Sgt_Kickaxe - 10:12 am on Jan 13, 2013 (gmt 0)
My site was never hit by Panda or Penguin either but I was lax in how I handled image hotlinkers and content scrapers so I did see an increase in links to my site using broken urls that, unfortunately resolved. Eventually I noticed that some pages were being outranked by these scrapers so I took DRASTIC action.
- I turned off my CMS function that was allowing badly formed urls to redirect and then I went and, using htaccess, made sure that if you didn't visit an EXACT url you would get a 404 on purpose. Overnight I created 20,000+ 404's which signified that I had a bigger scraper problem than I anticipated. ALL manner of broken url started showing up in GWT and traffic fell 50% immediately.
The thing is my ranked pages never faltered, they held their rank and the number of indexed pages hasn't changed, nor have the pages which were indexed.
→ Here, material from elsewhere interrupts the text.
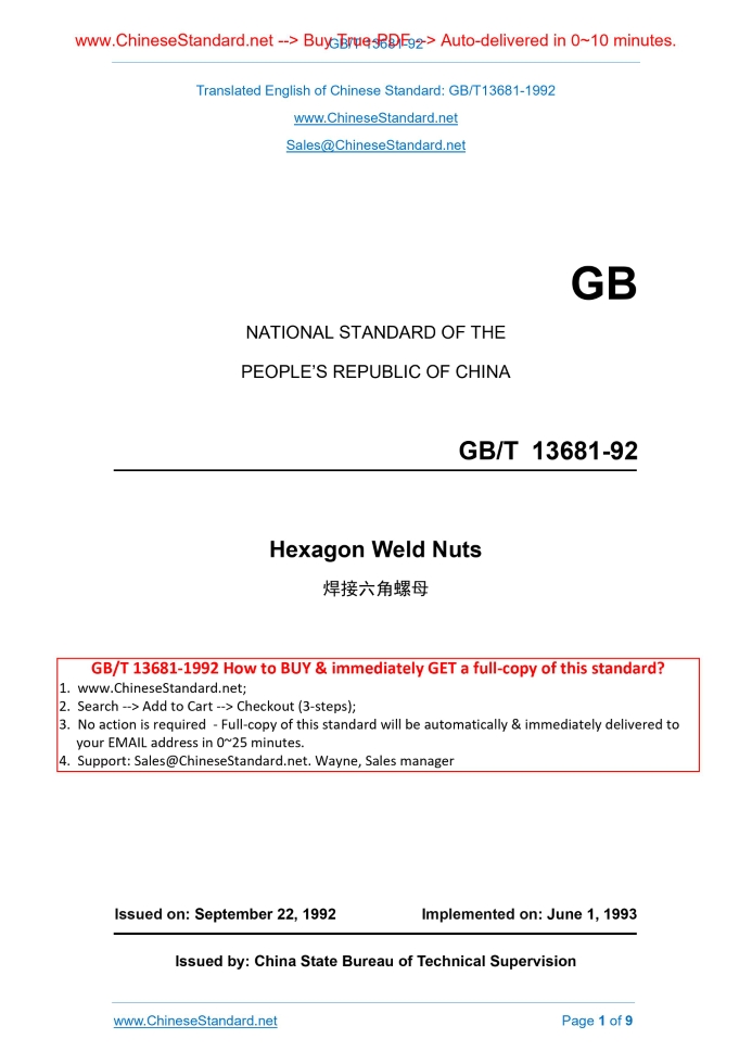GB/T 13681-1992: Hexagon weld nuts Delivery: 9 seconds. True-PDF full-copy in English & invoice will be downloaded + auto-delivered via email. See step-by-step procedure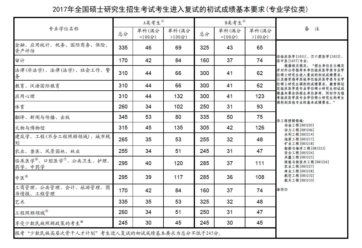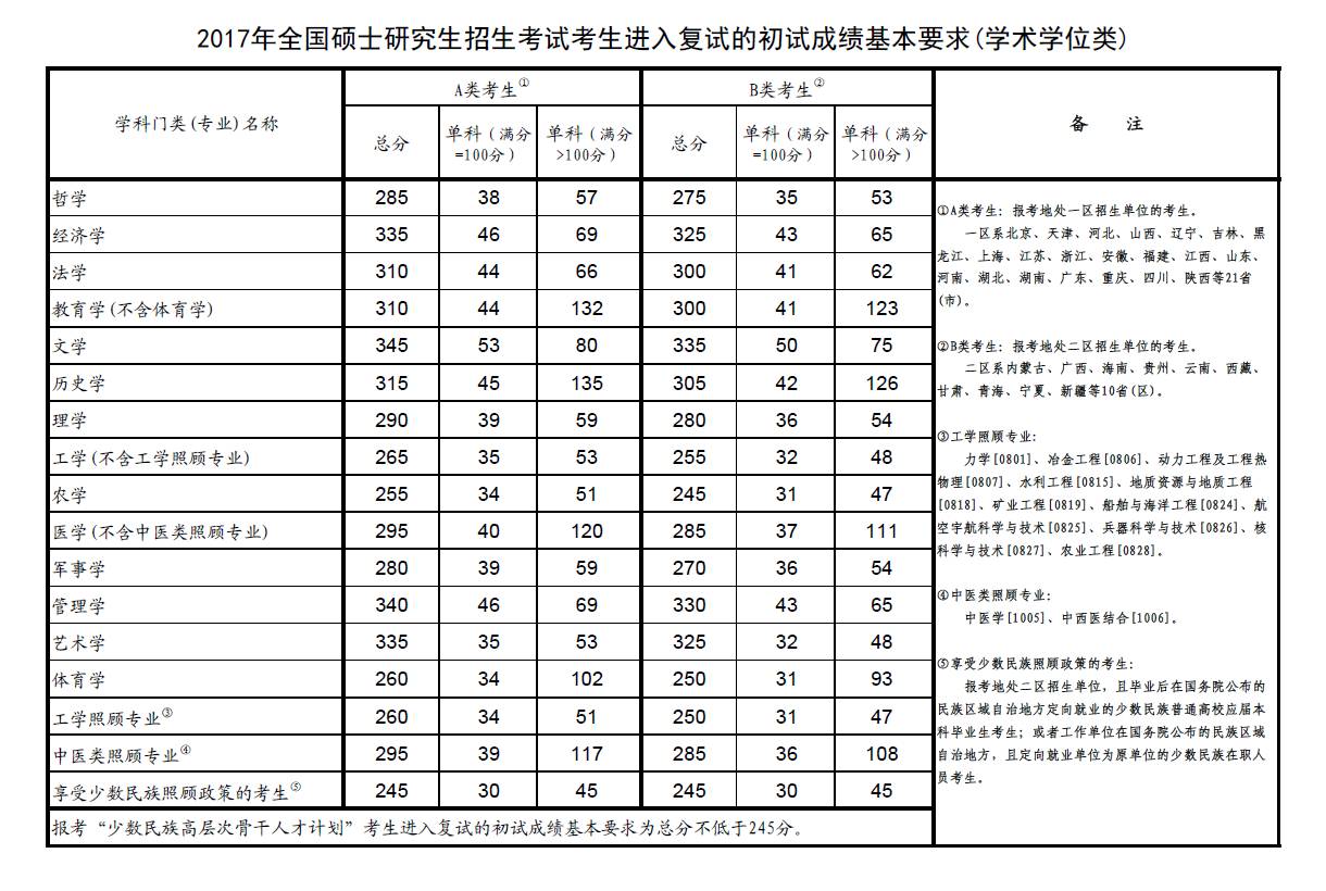 教育部昨日公布2017年考研复试国家线及调剂相关事项。其中学术学位类A类考生:经济学335,法学310,文学345,工学(不含工学照顾专业)265,医学(不含中医类照顾专业)295……了解各专业学位类考生成绩要求,请戳↓

How I lost 50% of traffic from Google without my rankings changing is beyond me still.
Recovery - I'm still down 40% two months later, meaning 10% has returned. I don't care either, I rather like knowing that my site has zero low quality pages or urls that resolve or redirect which I don't want. It's super clean now.
I don't recommend this, Google will now index all of the urls you've blocked and will add a "due to robots.txt we can't tell you what's here" type description. If the page is 404 and you are returning a 404 error that's 100% what you want to be doing. No redirects, no blocking, just 404s. Perfect.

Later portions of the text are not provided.